Padahal buruh adalah bagian dari masyarakat yang juga mempunyai kebutuhan hidup yang harus dipenuhi bagi diri sendiri dan keluarganya. Sehingga harapan untuk mendapat upah yang layak selalu didengungkan. Buruh ingin kehidupannya lebih sejahtera. Sementara pengusaha ingin mendapatkan keuntungan yang besar dengan menekan biaya produksi. Sehingga sering terjadi konflik pengusaha-buruh.
Di sisi lain pemerintah hanya menyediakan regulasi yang sering menguntungkan pengusaha. Di zaman pemilu langsung para pengusaha acap kali menjadi penyandang dana penguasa. Maka menjadi kewajaran penguasa lebih condong kepada pengusaha. Akibatnya buruh makin tertekan oleh peraturan yang dibuat penguasa. Padahal buruh juga rakyat yang harus diurusi nasibnya.
Manusia memang tidak akan bisa berlaku adil untuk semua kalangan karena dipengaruhi kepentingan tertentu. Berbeda jika aturan itu berasal dari Sang Pencipta, Dzat yang tidak punya kepentingan terhadap manusia. Pasti ketentuannya adil dan dalam rangka membaikkan manusia.

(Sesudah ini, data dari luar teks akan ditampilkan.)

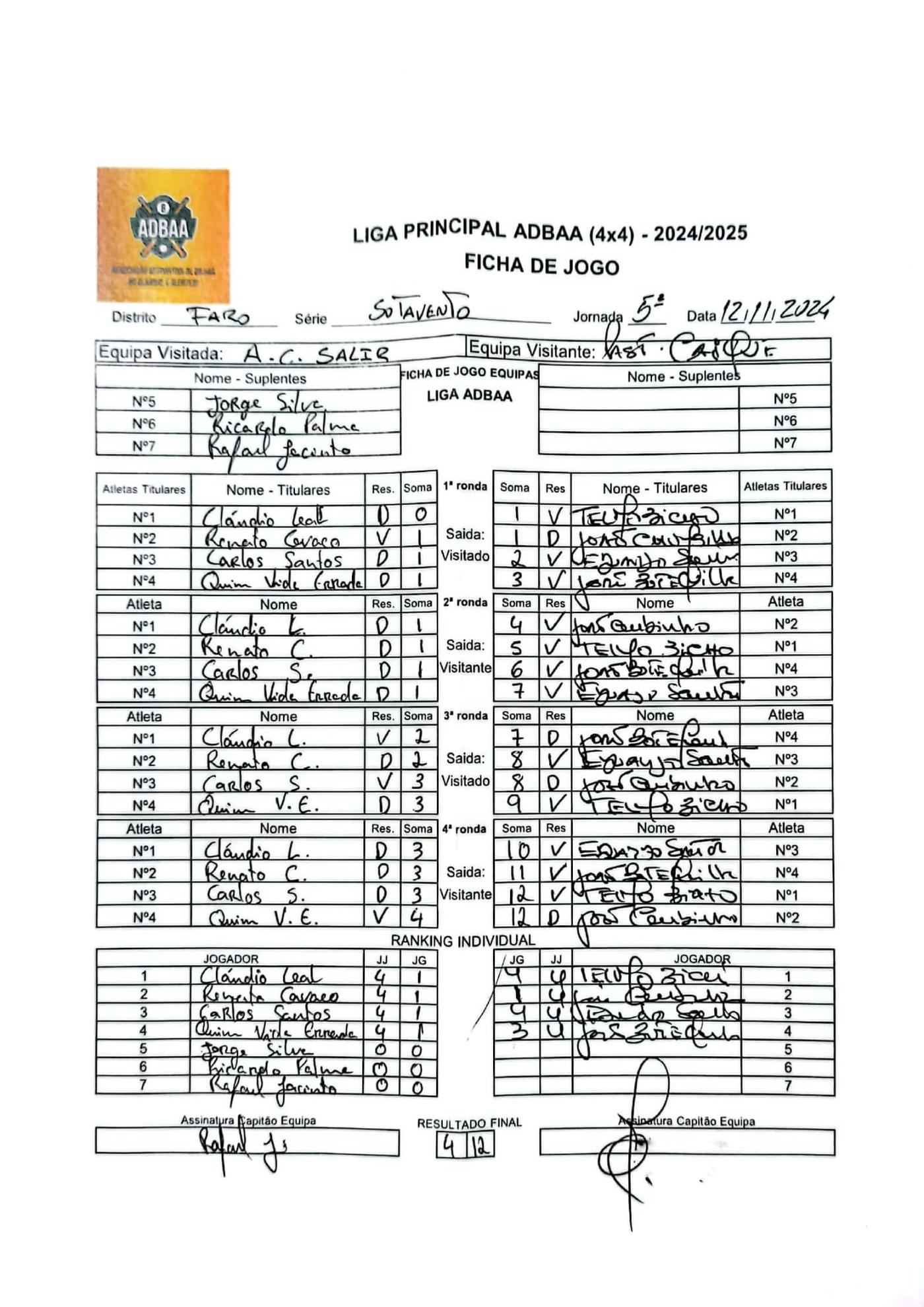 5 | 31 | ASSOCIAÇÃO CULTURAL DE SALIR | 4-12 | PASTELARIA CAIQUE | 12/11/2024 | <Sem observações> |

Semua tertuang dalam ajaran agama. Islam agama paripurna yang mengatur seluruh aspek kehudupan termasuk tentang perburuhan.

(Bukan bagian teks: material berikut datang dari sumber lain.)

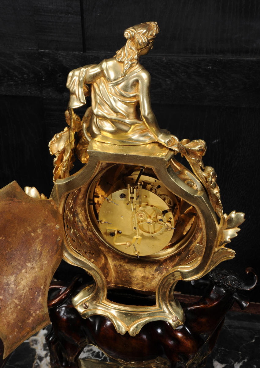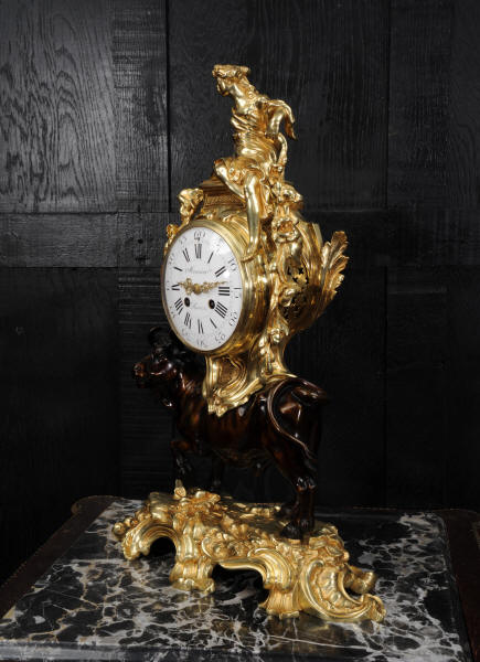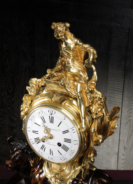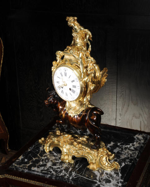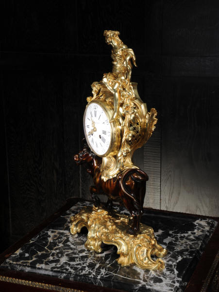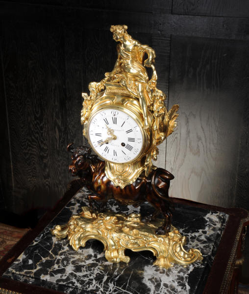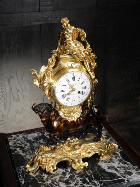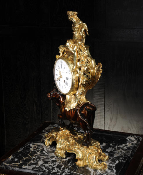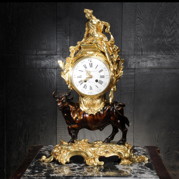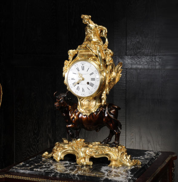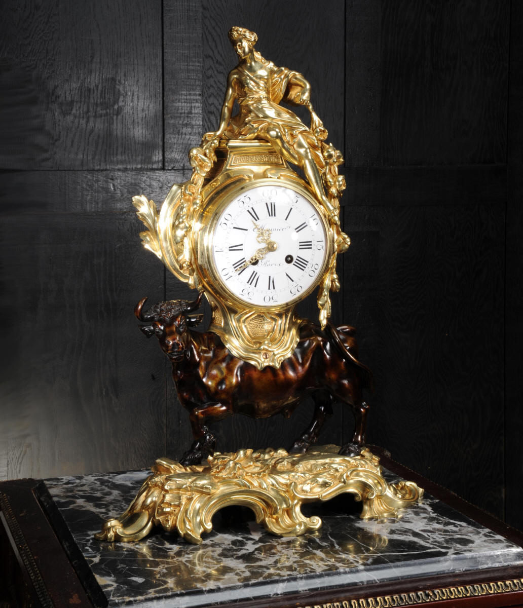 Europa is seated on top of the clock holding garlands of flowers, she is also beautifully modelled in ormolu. Ormolu and bronze are in superb original condition. The dial is porcelain enamel on copper with the original finely fretted gilt brass hands and convex glass. The French movement is of high quality and is in excellent clean and running condition having been fully overhauled by our clockmaker. Pendulum is original with clockmakers mark and serial number. It runs for 8 days and strikes the hours and halves on a bell. Click the video clip below to hear the bell and watch the clock running. Meunier is listed in Tardy Dictionnaire Des Horologers as working at the Route de Versailles in 1870. A Louis XV example by Saint-Germain can be seen in the Louvre, see Pierre Kjellberg, Encyclopédie de La Pendule Française. An example by Robert Osmond is in the Getty Museum, see European Clocks in the J Paul Getty Museum. Condition of the case is excellent, the original gilding is beautifully clean and bright with hardly any wear or discolouration. the bronze patination is also excellent with just some slight wear on the high spots. The dial is also in excellent condition with no damage. A stunning clock in lovely condition.

Islam memerintahkan majikan menggaji sasuai dengan akad kesepakatannya dengan pekerja. Tidak saling mendzalimi. Terdapat hadis riwayat Imam Al-Baihaqi, “Berikanlah gaji kepada pekerja sebelum kering keringatnya, dan beritahukan ketentuan gajinya, terhadap apa yang dikerjakan.”

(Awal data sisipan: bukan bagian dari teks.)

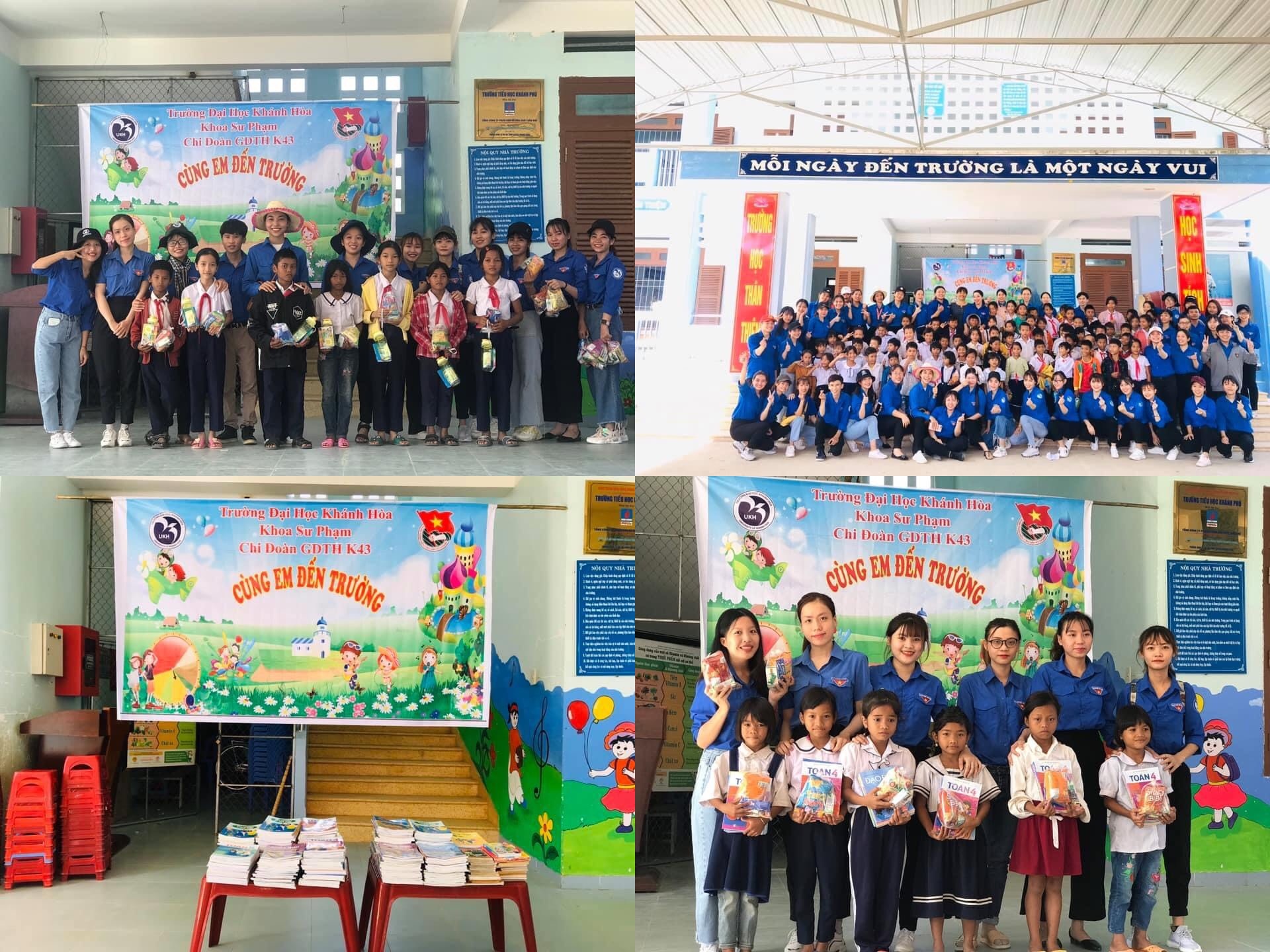 Phát huy tinh thần xung kích, tiên phong của tuổi trẻ, đoàn viên khoa Sư phạm luôn tích cực và hăng hái tham gia các hoạt động thiện nguyện vì cộng đồng. Cụ thể, trong tháng 6 và tháng 7 vừa qua, chi đoàn Sư phạm Toán K3, K4 và chi đoàn GDTH K43 đã tổ chức các Công trình thanh niên “Giữ mãi nụ cười xanh” tại trường Tiểu học Vạn Khánh 2, Vạn Ninh và “Cùng em đến trường” tại trường Tiểu học Khánh Phú, Khánh Vĩnh. Công trình thanh niên đã quyên góp sách cũ để xây dựng thư viện trường, trao nhiều suất quà cho các em học sinh có hoàn cảnh khó khăn nhằm động viên, khích lệ các em trong học tập, giúp các em có thêm động lực đến trường,…Đây không chỉ là dịp để san sẻ yêu thương với những mảnh đời khó khăn mà còn là môi trường lành mạnh, bổ ích giúp các bạn sinh viên xiết chặt tình đoàn kết, gắn bó, tạo kỷ niệm đẹp thời sinh viên, đồng thời học hỏi được những kỹ năng mềm bổ ích.

Rasulullah Saw. juga menyampaikan hadis: “Mereka (para budak dan pelayanmu) adalah saudaramu, Allah menempatkan mereka di bawah asuhanmu, sehingga barangsiapa mempunyai saudara di bawah asuhannya maka harus diberinya makan seperti apa yang dimakannya (sendiri) dan memberi pakaian seperti apa yang dipakainya (sendiri), dan tidak membebankan pada mereka tugas yang sangat berat, dan jika kamu membebankannya dengan tugas seperti itu, maka hendaklah membantu mereka (mengerjakannya).” (HR Muslim)
Jadi gaji harus layak dan sesuai dengan curahan tenaga/pikiran yang dicurahkan atau standar profesinya. Dan pekerja harus menjalankan pekerjaan yang sudah disepakatinya.
Sementara terkait dengan kebutuhan pendidikan dan kesehatan adalah tanggungan negara untuk seluruh rakyat tanpa membayar premi, tidak menjadi tanggungan pengusaha. Jika tetap penghasilan tidak mencukupi untuk memenuhi kebutuhan hidup masih ada mekanisme zakat, infaq dan sodaqoh. Mekanisme ini pernah dijalankan oleh islam ketika berdirinya khilafah islam dulu. Wallahu a'lam bis showab.